Women’s caucus to look into bullying in the Dáil

Anne Rabbitte, Fiona O'Loughlin, Micheál Martin, and Lorraine Clifford-Lee pictured in 2018. File Picture: Conor McCabe Photography.

The incoming chair of the Women's Parliamentary Caucus says she was intimidated and bullied by a member of her own party in the last Dáil.

The cross-party women's forum wants Dáil and Seanad statements on all the recent Leinster House harassment allegations which have been exposed in recent months.

Fianna Fáil senator Fiona O'Loughlin has said the culture within Leinster House needs to change and said the caucus will be priorotising the completion of another survey of staff as part of its work.

A 2019 Oireachtas survey found that inappropriate behaviour, in particular bullying, does occur in the parliamentary workplace, with 15% of people who responded stating that they have experienced bullying.

A more recent survey carried out by the Irish Examiner revealed that at least 12 of the Dáil's 34 current serving female TDs have been sexually harassed at some point in their lives.

Speaking of her own experience, Ms O'Loughlin said: "It's easier probably to intimidate a woman, particularly if you know she's not going to play the victim, and I was never somebody who was going to play the victim.

As a woman you're still trying to prove yourself in a man's world, to a certain extent, and because you feel that you don't want to be seen as a complainer you don't want to be seen as a whinger.

She hopes the work of the women's caucus, including surveys of workplace harassment will "change the culture" both inside and outside Leinster House.

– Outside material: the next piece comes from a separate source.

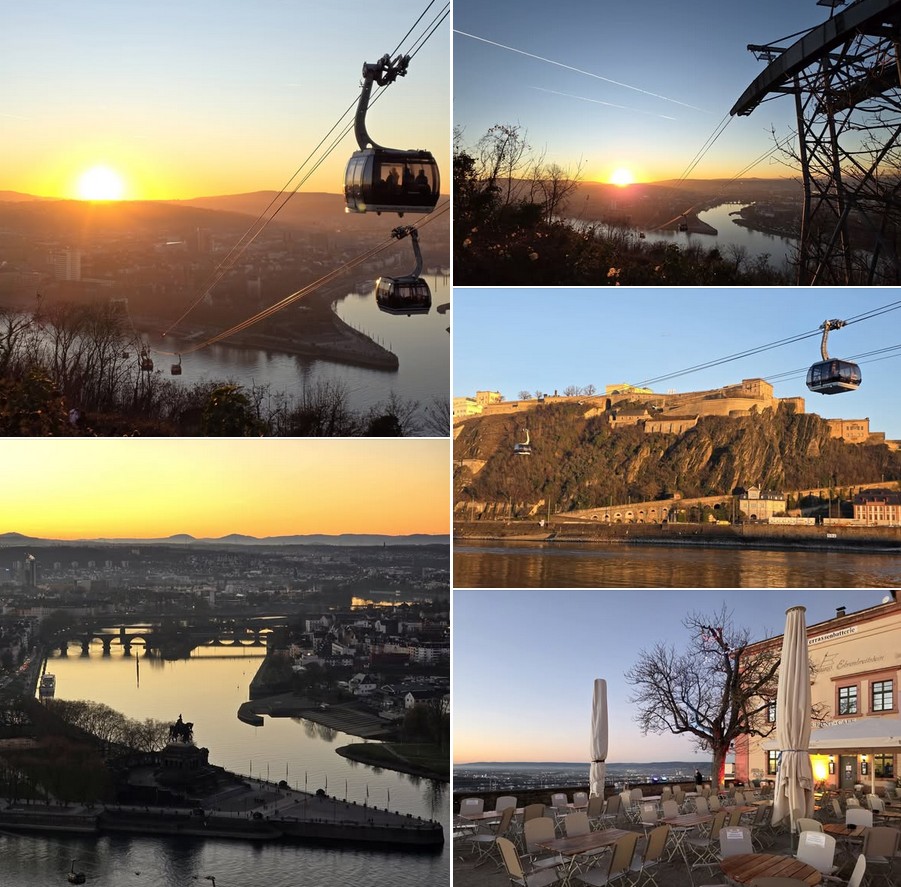 Kaiser-Wilhelm-Flashbacks, Rheinromantik, Moselmelancholie – und darüber schwebt moderne Technik wie ein höflicher Zeitreisender. Kein Venedig, kein Pathos, kein Gondoliere mit Strohhut. Stattdessen: ehrliche deutsche Golden Hour mit leichtem Seilbahnsummen. Bodenständig, aber mit Glanz. 🇩🇪🌄

Ms O'Loughlin said there had been statements about a number of other issues, including the golf-gate controversy which happened outside of Leinster House, however, bullying and harassment which has been reported within the confines of the campus has yet to be discussed in the Chamber.

"One of the things that we agreed as a women's caucus, and it's something I will be taking forward now as chair is that we will have statements in the Seanad and Dáil about that, because it can't be ignored."

She said a Dáil discussion might make "people think about their own behaviour" adding that some of the details both reported in the media and through the survey have been "shocking"

Dignity and respect in the workplace is just so hugely important and the fact that it's mainly women that have been impacted, now I have to acknowledge that in cases that we have heard it's women who have inflicted bullying as well. So, we know we have to own that and acknowledge that completely.

Ms O'Loughlin said she had been targeted during her time as a TD in the last Dáil by a party colleague who was "quite bullying and and very, very dismissive".

She said this included being told the wrong time for meetings or not being invited to events that were happening. She said the politician often ignored her and left her name out when acknowledging the work that had been carried out on projects that she was centrally involved in.

Ms O'Loughlin said she had considered making a formal complaint about the behaviour but decided against it, which she says she somewhat regrets.

"I put up with that for four years. To me it was pretty awful, it dents your confidence. I think it was because I was a woman," she said, adding that she had discussed it with male colleagues who had not received the same treatment.